A multi-center treatment study assessing the efficacy and safety of an immunotherapeutic vaccine (DPX-Survivac) combined with low dose cyclophosphamide. Subjects with measurable, histologically proven DLBCL expressing survivin will be treated in this open-label, single arm study. Survivin is a protein commonly over-expressed in many types of cancer, including DLBCL.

Enrollment

4 patients

Sex

All

Ages

18+ years old

Volunteers

No Healthy Volunteers

Inclusion and exclusion criteria

Main Inclusion Criteria:

Subjects with histologically proven recurrent DLBCL. Subjects may have recurrence after primary or second treatment regimens for DLBCL. Subjects with recurrence at least 90 days post-autologous stem cell transplantation (ASCT) are eligible.

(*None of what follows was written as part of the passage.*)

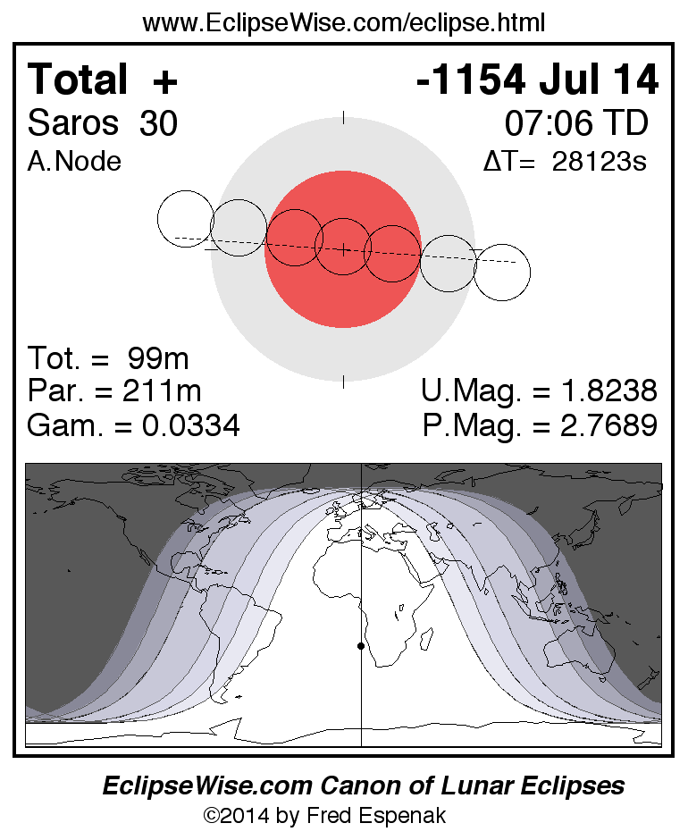 Total Lunar Eclipse of -1154 Jul 14 (1155 Jul 14 BCE)

Patients with partial response or measurable disease after first line therapy (who are not candidates for ASCT) or after second line therapy without disease progression may also be eligible.
Previous localized surgery, radiotherapy, and chemotherapy more than 21 days prior to SD0.
Subjects may have received previous courses of an investigational biologic therapy including active or passive immunotherapy (e.g. rituximab), other B cell depleting antibody therapy, or radioimmunotherapy (e.g. tositumomab or ibritumomab) if last administration is greater than 77 days prior to SD0.
Subjects must have at least one measurable site of disease.
Willing to undergo a pre-treatment and post-treatment tumor biopsy.
Subjects must have evidence of survivin expression in pre-treatment tumor sample.
A screening Eastern Cooperative Oncology Group Performance Status (ECOG) of 0-1.
A life expectancy > 6 months.

Main Exclusion Criteria:

Patients eligible for possible curative therapies such as ASCT.
Patients undergoing concurrent chemotherapy, radiation therapy, or immunotherapy or who are currently on an investigational product/trial are excluded. There must be at least 21 days since completion of prior chemotherapy/radiation and at least 77 days since completion of immunotherapy until study treatment begins (SD0). Subjects must have recovered from all acute toxicities from prior treatment; peripheral neuropathy must be < grade 2.
Lactate dehydrogenase (LDH) greater than 2 times the upper limit of normal.
Patients with refractory disease after their last treatment (i.e. progression within 90 days).
Patients who have received prior survivin based vaccines.
Progressive CNS lymphoma requiring treatment within 84 days prior to SD0.
History of active autoimmune disease, such as but not restricted to, inflammatory bowel disease, systemic lupus erythematosus, ankylosing spondylitis, scleroderma, or multiple sclerosis requiring treatment within the last two years.